Selected Topics in Urban Design: Other Cultures of Density
ARC3105HS
Instructor: Michael Piper
Meeting Section: L0101
Fridays 9:00 a.m. - 12:00 p.m.
A leasing company in Etobicoke subdivides and rents single family homes to upwards of 18 residents. Hindus gather in a Scarborough industrial park in a former mechanics shop to worship on weekends. Scattered across the Toronto region, often far from transit, tower in the park apartment buildings are home to a majority of the city’s low-income residents and racialized minorities. These three examples of urban occupation defy conventional ideals that designers and planners have about benefits and values of density and suggest that current mainstream discourse is somehow behind the times.

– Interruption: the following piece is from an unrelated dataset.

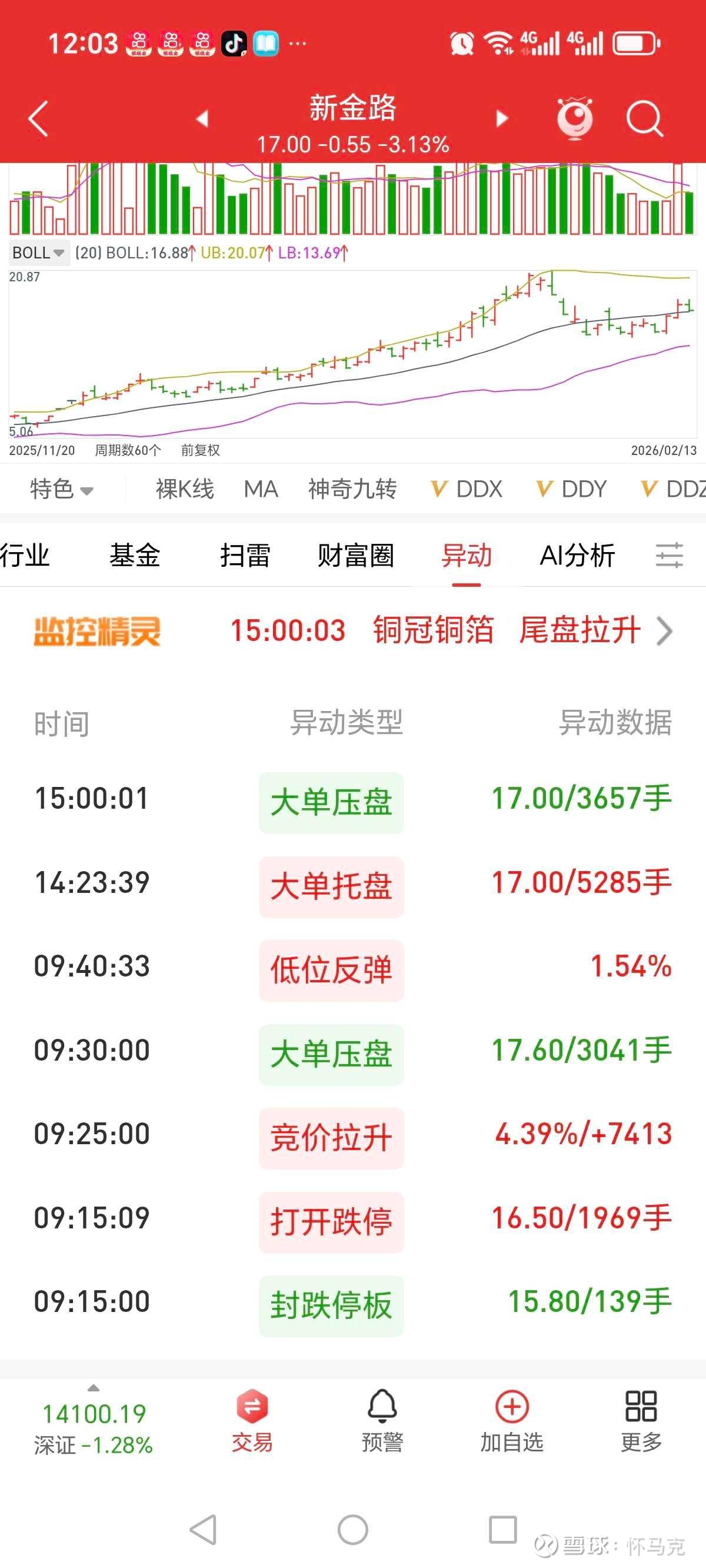 以2025年2月21日低点3.61元为起点,按照斐波那契比例测算,1.0倍目标7.22元,2025年5月中旬实际高点7.0元。1.618倍目标9.45元,2025年7月下旬实际触及10.1元。2.618倍目标13.06元,2025年11月上旬实际低点13.5元。3.618倍目标16.66元,2025年12月下旬实际中枢17.0元。4.236倍目标18.95元,2026年1月中旬实际次高19.2元。5.0倍目标21.69元,2026年1月26日实际高点20.48元。自高点回撤后,0.236支撑位于17.2元,2026年2月13日当前收盘价17.0元。0.382支撑15.5元,2026年2月11日实际低点15.63元。0.5支撑14.2元,0.618支撑12.9元,目前尚未触及。

Since the latter twentieth century, a particular culture of density emerged within design and planning thought. Reacting to the dispersed nature of modern-era, post-World War II suburbanization, professionals and scholars promote compact, high density forms of city building most often associated with city centers in Europe and North America. Such dense areas are well served by transit, retail, and open space; are walkable and offer opportunities for impromptu social interaction for its residents. These qualities have been ingrained into the design culture of schools across North America, and are written into policies and zoning code that govern city building. They are, however, available to a progressively small and wealthy portion of residents in North America today.
Behind the façade of single-family homes, in the varied shops of ethnic strip malls, or the unexpected activities of 7-11 parking lots – often without access to transit— immigrant populations and low-income residents of North America’s urban periphery are producing new cultures of density. The goal of the course is not to fetishize, or emulate these cultures, but rather, to attempt to withhold judgement, and to present them as positive examples social life.
This class will explore alternative cultures of density, public space, the commons, and spatial appropriation through methods of urban analysis, visualization, and representation. The course will focus on three kinds of space as examples of these cultures in Toronto. Students will be assigned a series of readings that focus on ethnographic analysis of these three spaces and will be asked to visualize the physical spaces identified in the readings through a series of polemical sketches. The final project builds on these sketches and asks students to choose one example from this series, or propose their own example for approval, and will then be asked to produce a refined drawing(s) that describe the space they have chosen. The final deliverable will be a presentation that compile’s the sketches and research made throughout the semester.